The baby’s joy knew no bounds. It soared like a polythene on a string, as did her joyful shouts all around. In the meantime, one woman’s dupatta with stains of milk and baby oil protested and was set free, even as the hands tried holding on to it. The other’s papers blew away with the wind, no longer wanting to be clutched, leaving the yellow bench behind. There was confusion in the air. Hair and papers and clothes and pig tails all going wild. Together. The wind kept blowing as if it had a purpose to. And then it slowed down, just a bit. The baby’s mother helped collect the papers spread across the lawn. The woman on the bench unravelled the soiled dupatta from her legs.

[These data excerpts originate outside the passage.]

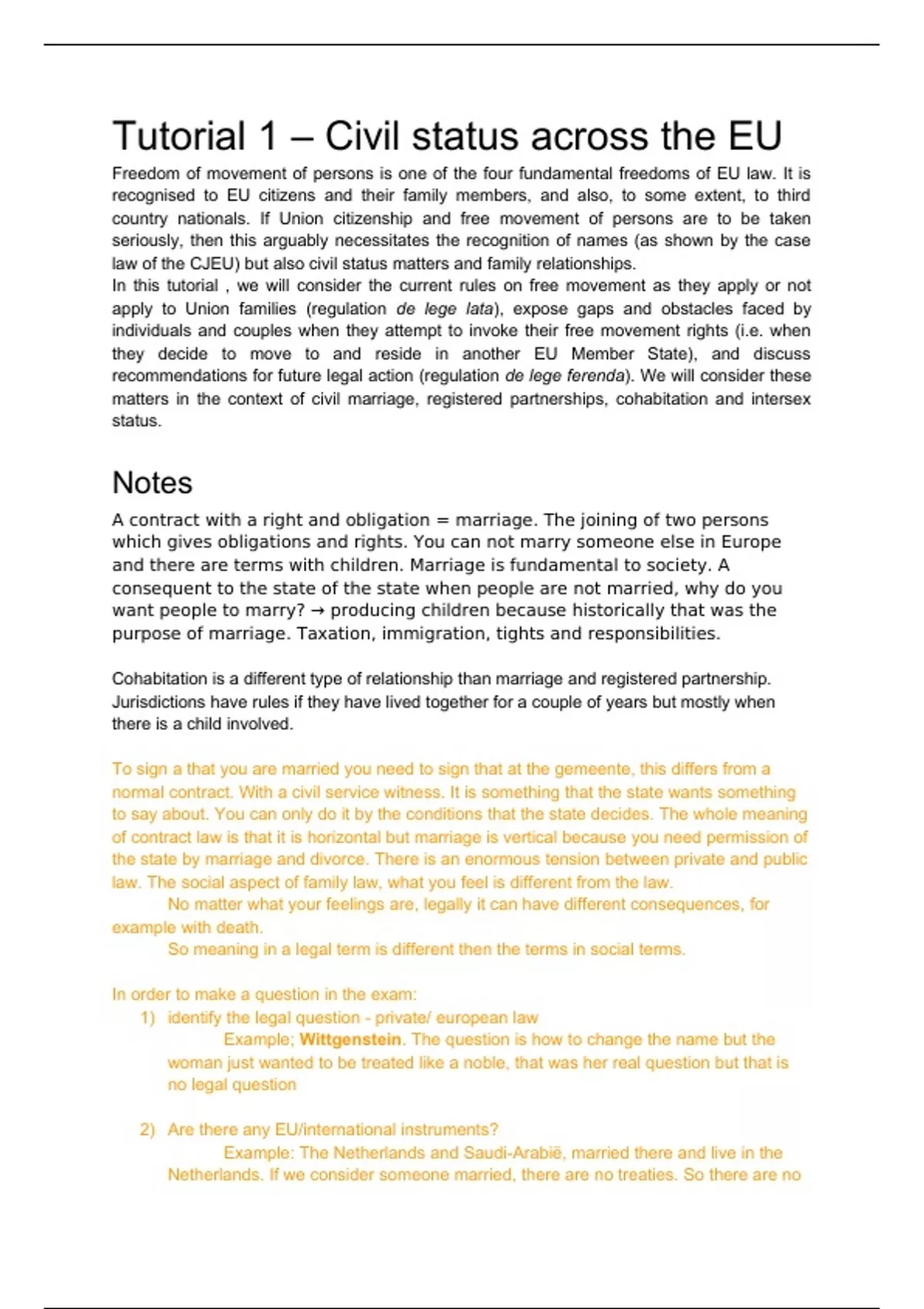 Family Law in Europe met uitgebreide tutorial en uitwerkingen van jurisprudentie en casu. Een 9 behaald met dit materiaal.
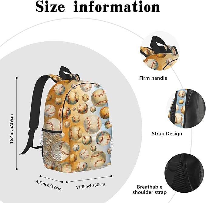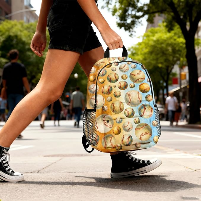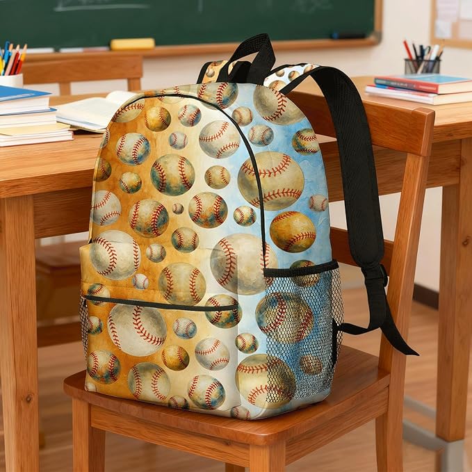 Baseball Backpack for Kids & Youth, 16 Inch Tennis-Themed School Bookbag, Lightweight Polyester Daypack with Front Zip Pocket, Side Bottle Pocket, Padded Adjustable Straps, Unisex
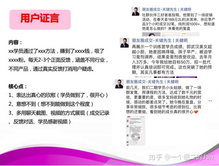 3、多用聊天截图、视频的方式展现(成交记录、反馈对话、学员感谢视频)
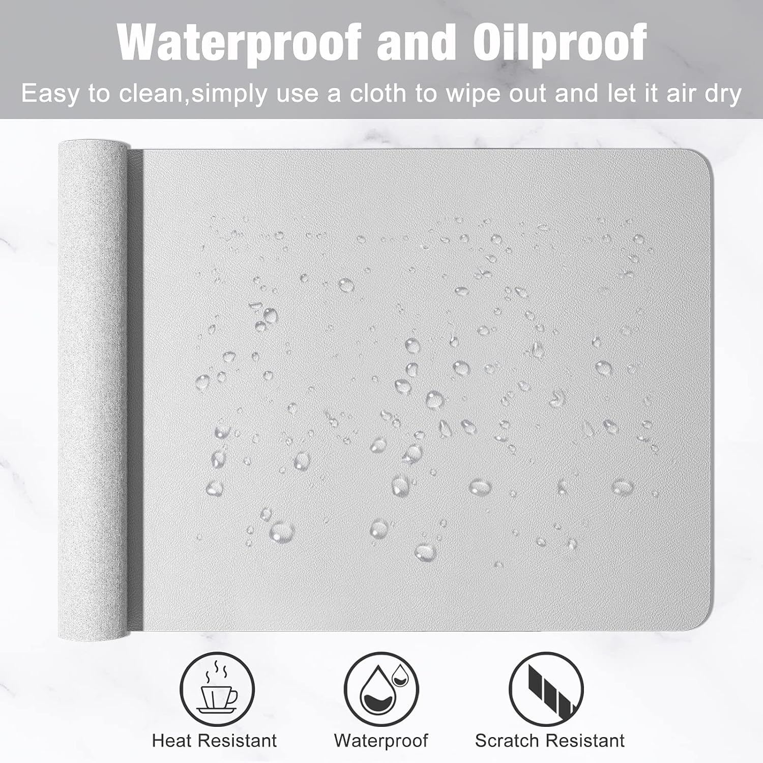 • Non-slip Base & Waterproof Surface: Suede material used for the back side for slip resistance. Synthetic leather used for the upper use side, waterproof, oilproof and anti-fray. Deskpad is easy to clean with a wipe and features great locking-color effect
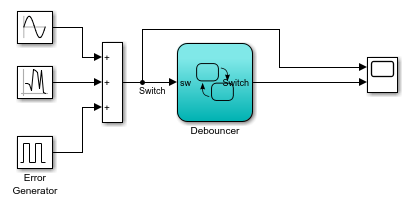 When a switch opens and closes, the switch contacts can bounce off each other before the switch completely transitions to an on or off state. The bouncing action can produce transient signals that do not represent a true change of state. Therefore, when modeling switch logic, it is important to filter out transient signals by using debouncing algorithms.
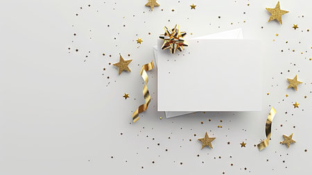 A white card adorned with elegant gold stars against a pristine white backdrop, creating a mesmerizing celestial effect.
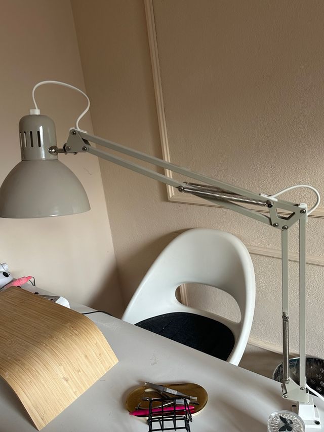 Candeeiros de mesa ajustável da Ikea, com um design moderno e funcional. - Estrutura em metal e plástico. - Cor bege.
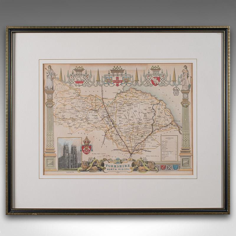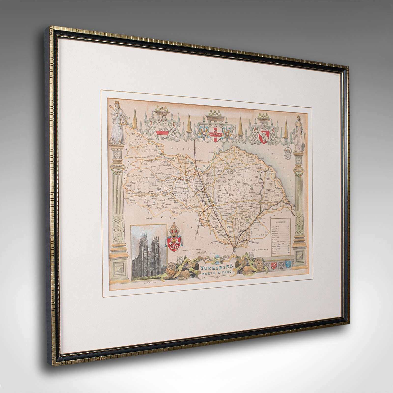Antique North Yorkshire Map, English, Framed Lithography, Cartography, Victorian
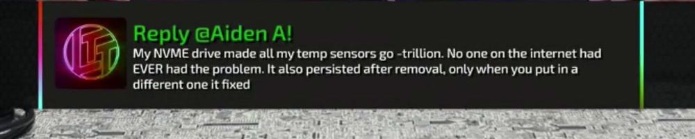 Reply @Aiden A! My NVME drive made all my temp sensors go -trillion. No one on the internet had EVER had the problem.
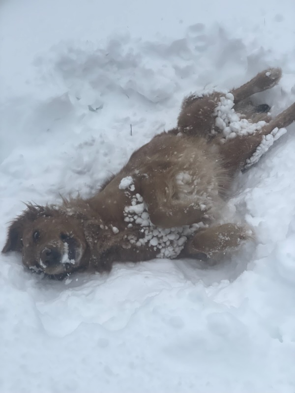 Charlie the golden retriever rolls around in the deep snow. Image source: Sarah Storer
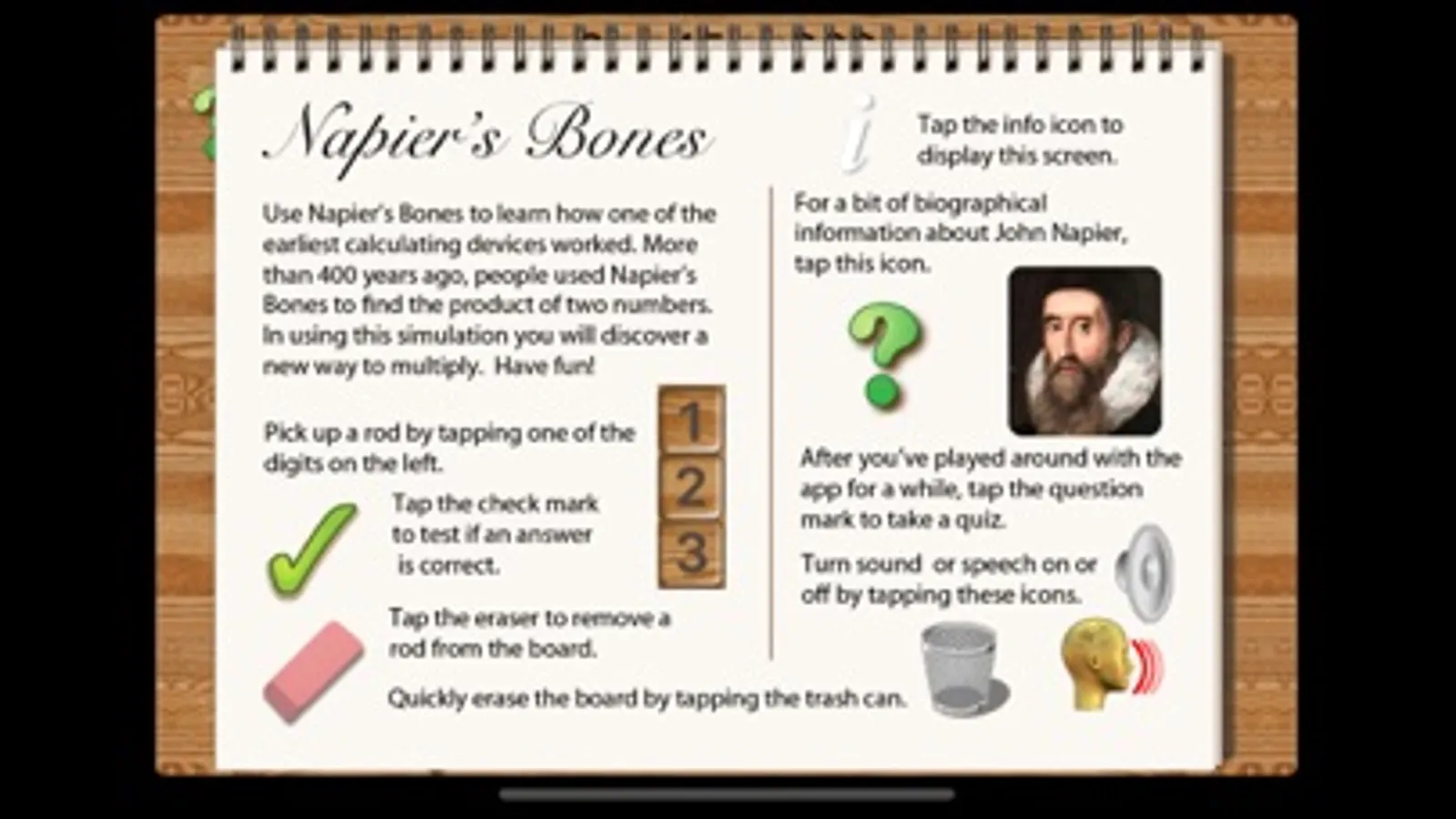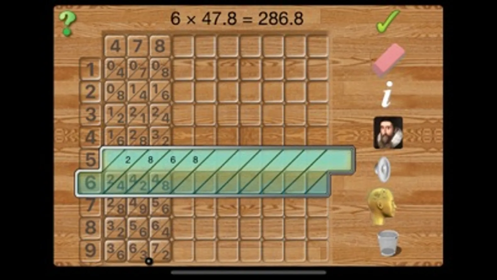 Use the Napier's Bones app to learn how one of the earliest calculating devices worked. More than 400 years ago, people used Napier's Bones to find the product of large numbers. In using this simulation you will discover a new way to multiply. Have fun!
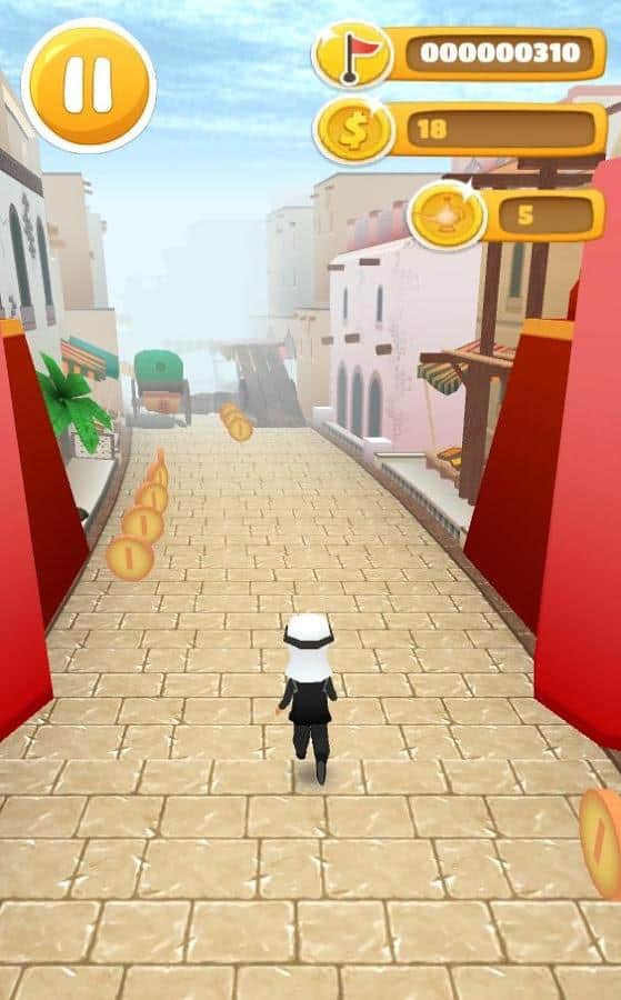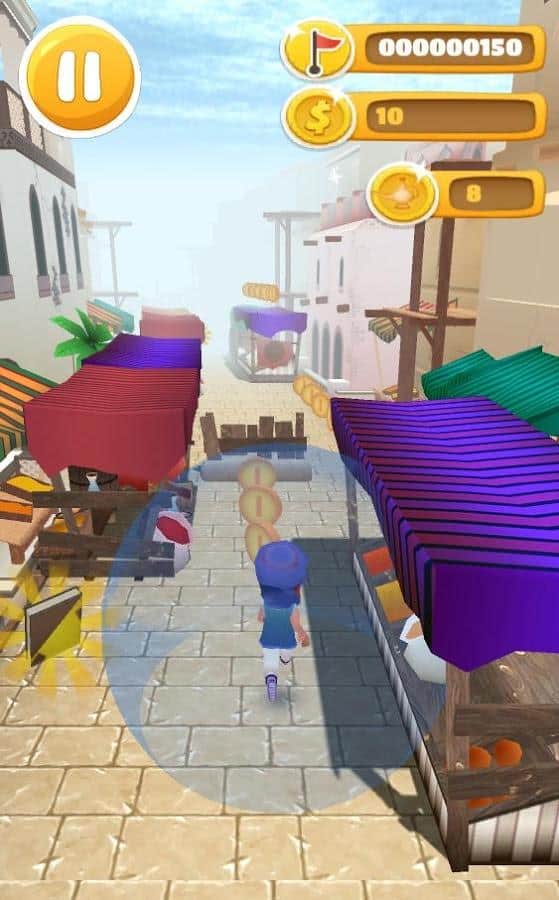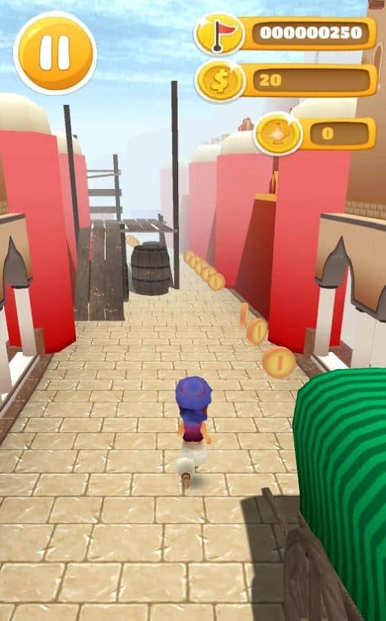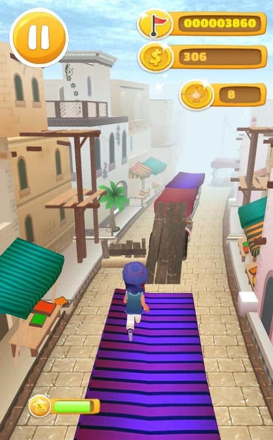 Desert Prince Runner – раннер на андроид, где вам предстоит перемещаться по огромному восточному городу. Бегайте, прыгайте и летайте на ковре самолете через небольшие домики и многочисленные препятствия. Окунитесь в неповторимую атмосферу востока и насладитесь живописными пейзажами. Ведите героя вперед, управляя им с помощью одного прикосновения пальца к экрану, и обходите на своем пути все преграды. В нужный момент нажимайте на экран, чтобы ваш герой совершил прыжок или обошел препятствие. По пути не забывайте собирать монетки и бонусы в виде магнита и ковра самолета. На заработанные деньги приобретайте для своего героя новые яркие костюмы и аксессуары.
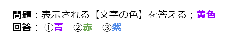 直感だけだと文字色と同じ①の青を選びそうになってしまいますが、正解は③の紫になります。論理性を問われるような問題になっているわけですね。
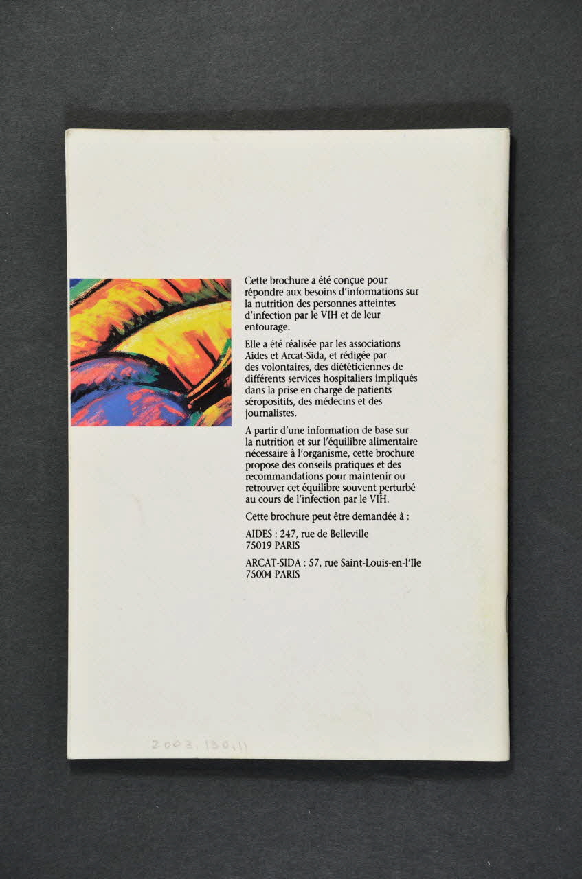 AIDES: 247, rue de Belleville // 75019 PARIS // // ARCAT-SIDA: 57, rue Saint-Louis-en-l'Ile // 75004 PARIS (A la fin du texte, en caractères noirs sur fond blanc), versoAuteur, date

They walked up to each other to hand over what was not their own. And then to sense what was theirs, together.

The tears. 

They had both been crying. One because she had a child and the other because she perhaps never could. That’s what the papers said, those medical reports. She had just found out and had driven home. Straight. To this bench where she had never been before. 

The wind was gone. Left a quiet behind, intentionally. Also left behind a lawn peppered with leaves. Mostly dry and wilting but some fresh and green too. Like hope, no not jealousy! Or say, like finding a friend to share a yellow bench with, no matter how rickety the bench or how unknown the friend.

To share a circle of life, and understand the patterns drawn within it too. 


[Written for WordPress Daily Prompts : 365 Writing Prompts. The prompt for today was - Green-eyed – Tell us about the last time you were really, truly jealous of someone. Did you act on it? Did it hurt your relationship?]